Sometimes you make things and they look great, and sometimes
you make things that drive you mad doing it. This is my first real experience of
being driven mad and then loving the final outcome. I was actually very worried
that I wouldn’t, I had that nagging feeling that, “this is the dress I learned
how to sew so I could make and it’s going to suck, or be horribly uncomfortable
and I’m going to cry”.
To recap , I wanted a tight fitting, brightly coloured dress
that would make me feel like Joan from Mad Men. I bought some luscious bright blue double knit
(It is apparently one of the base colours used to make all Pantone shades, like
cyan but stronger, and it’s therefore called Process Blue in that system). I
found a vintage pattern for the sort of dress I wanted in knits, Woman W400
(see previous post for more details).
I had already cut out the main pieces, FBAd, and redid the
darts on my dressmakers dummy Agnetha, and on Thursday night I decided I wanted
to get it finished for the sewing meet up on Saturday. This was partly a desire
to get it finished, and partly as I wanted to wear something I had made but
most of my self made clothes are summery!

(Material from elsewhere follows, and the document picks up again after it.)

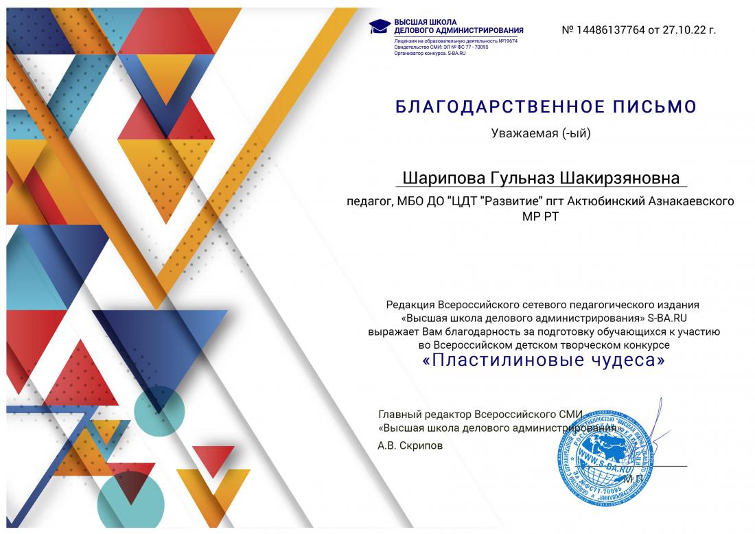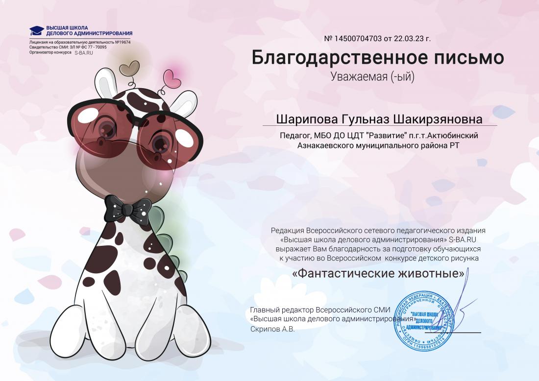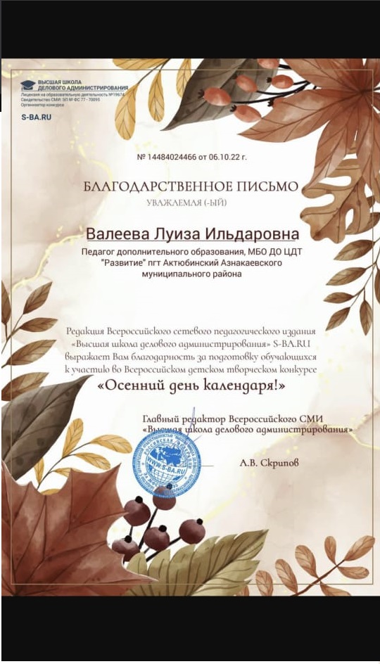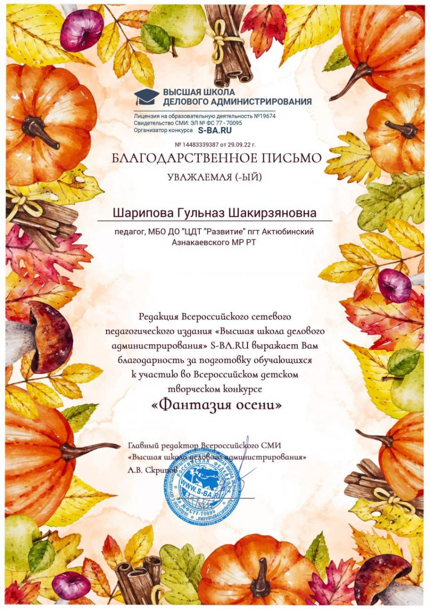 Благодарственное письмо за подготовку обучающихся в конкурсе "Фантазия осени", педагог Шарипова Г.Ш.

So far so good, I finished sewing all the darts, and then
tried it on. Uneven dart disaster. Argh! I tweaked the darts (making them
slightly shorter and tapering the ends so they were less pointy), altered the shoulder
seams so the thing was straight, and made the whole thing substantially tighter.
I wasn’t sure if this was going to work, but it did, the darts pulled smooth
and it looked great-yay!.
I decided to put cuffs on the sleeves, so made up a pattern
piece and sewed it on-and they went on beautifully. As the first time one
sleeve had gone in a little stretched I re set them in using the flat method (I had had to unpick all the side and shoulder seams anyway to adjust the width and I also took this opportunity to reduce the length of the shoulder seams).
So it was all going quite well. I considered the skirt, decided there was no need for 6 different darts on a stretch skirt and just cut it out. I then got knobbled by the traditional vintage patterns which are bizarrely long problem. On the envelope it clearly sits just below the knee. I am not short but the thing was grazing my ankles, and completely impossible to walk in. This is where it all went a bit wrong. I looked at the whole thing and said, the waist needs to come up a bit, and the bottom needs to come up about a foot. I therefore chopped away. As it turns out, I did not take into account the length lost at the waist, so when I tried it back on, after unpicking pretty much every seam in the entire dress, it was now a mini dress. By this point it was Saturday morning.. I panicked and cut out a folded band and sewed it onto the bottom, which looked fine, except that I had sewn it on with the side seams on the outside… Hannah looked on sympathetically (she had arrived by this point as we were already meant to be there!) as I cursed and seam ripped away again. I also still had to do the neckline, which I had altered and recut about three times as I kept realising it was a bit lopsided, and then merrily cutting away the wrong side (curse you mirrors!). Luckily I sewed the collar on and though I had made it more of a scoop than the pattern, and changed the way the collar finished to it went off to a point at one side. so it was a bit of a gamble, it looked pretty good!
I then put on my finished dress hesitantly, and LOVED it. I
wore it all day, it was incredibly comfortable, and it is probably one of my
favourite items of clothing ever! Its tight but not too trashy, so I could wear
it for work, but also felt completely at home in the Voodoo Rooms with
cocktails-perfect! All it needed was my white belt and I felt just like Joan!